H.264 (common case) operates on 4x4 blocks. Only MC may be in common.

> > also for h.264 doing just IDCT is likely not going to work, that is
> > having intra prediction done on the cpu which needs to read from the
> > previous 4x4 IDCT result is just going to be a nightmare
> 
> Do i understand you correctly, that the IDCT results depend on
> the results of the previous block? 
> (ok, i have to read some h.264 docu)
> 
> > and idct+mc+intra preiction would still require the cpu to read and write the
> > whole frame to apply the loop filter ...
> > 
> > for VC1 ask kostya ...
> 
> Earth to Konstantin, do you read me? :-)

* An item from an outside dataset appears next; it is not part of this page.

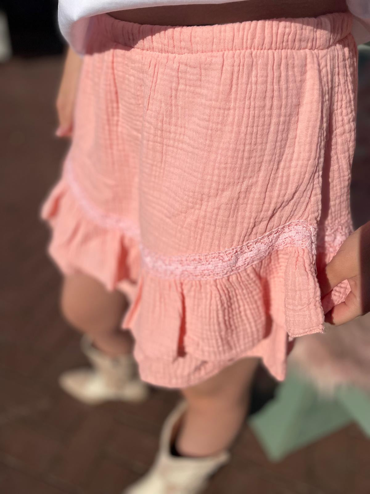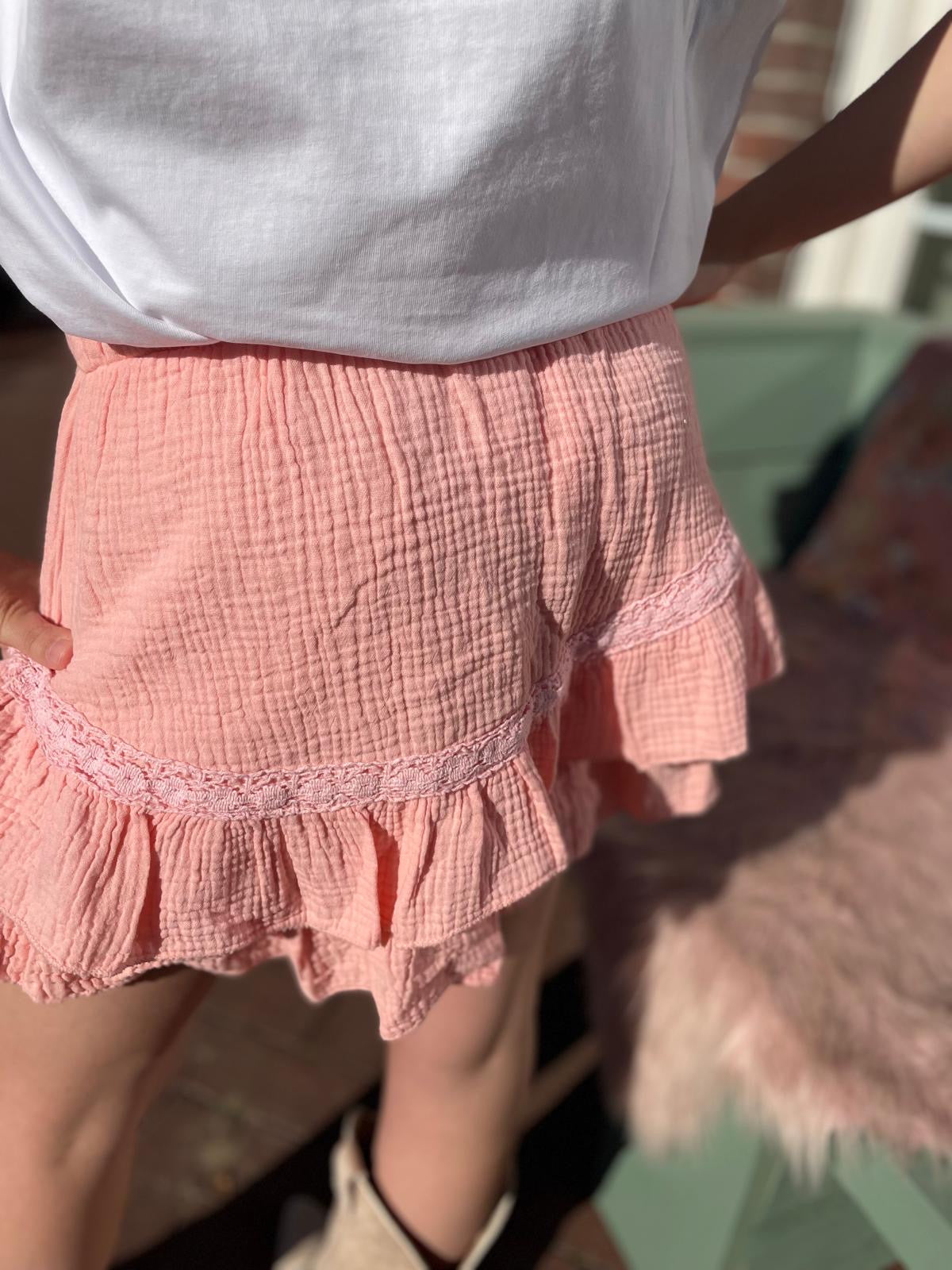 Vrouwelijk rokje in roze tint, elegant en veelzijdig te combineren.

Yes, I do. Greetings from the Eastern Europe ;-).
Two main differences between VC-1 and MPEG-4 ASP are 4x4/8x4/4x8 transforms
and slightly different motion compensation.
RealVideo 4 on the other hand is closer to H.264 but with different
bitstream format.

And now to wavelets.
I think it's easy to do on video card but will eat a lot of memory.
The principle is the next: read data from one memory location, process and
store at another place in video memory (may I say the word 'shaders'?).
Inplace transform will be slower and less effective.
Also while DCT is standard (almost), wavelet operations may differ
(see Snow for example).

> > > Yes, i had a look at the few hardware h.264 decoders around,
> > > but those seem all to be build around a CPU or DSP core with
> > > a few additional special instructions needed for decoding.
> > 
> > yes, put a CPU and DSP on the card that should do too :)
> > and dont forget adding special instructions for CABAC and MC
> 
> Yes, it should do but 1) it's very expensive and 2) uses a lot
> of power.

IIRC, DSPs are bad on bits parsing so CPU should be added to perform
this operation (with three commands - 'Load data', 'Do CABAC decoding'
and 'Store decoded bit' :-P ). 

> 			Attila Kinali
> 
> -- 
> Praised are the Fountains of Shelieth, the silver harp of the waters,
> But blest in my name forever this stream that stanched my thirst!
>                          -- Deed of Morred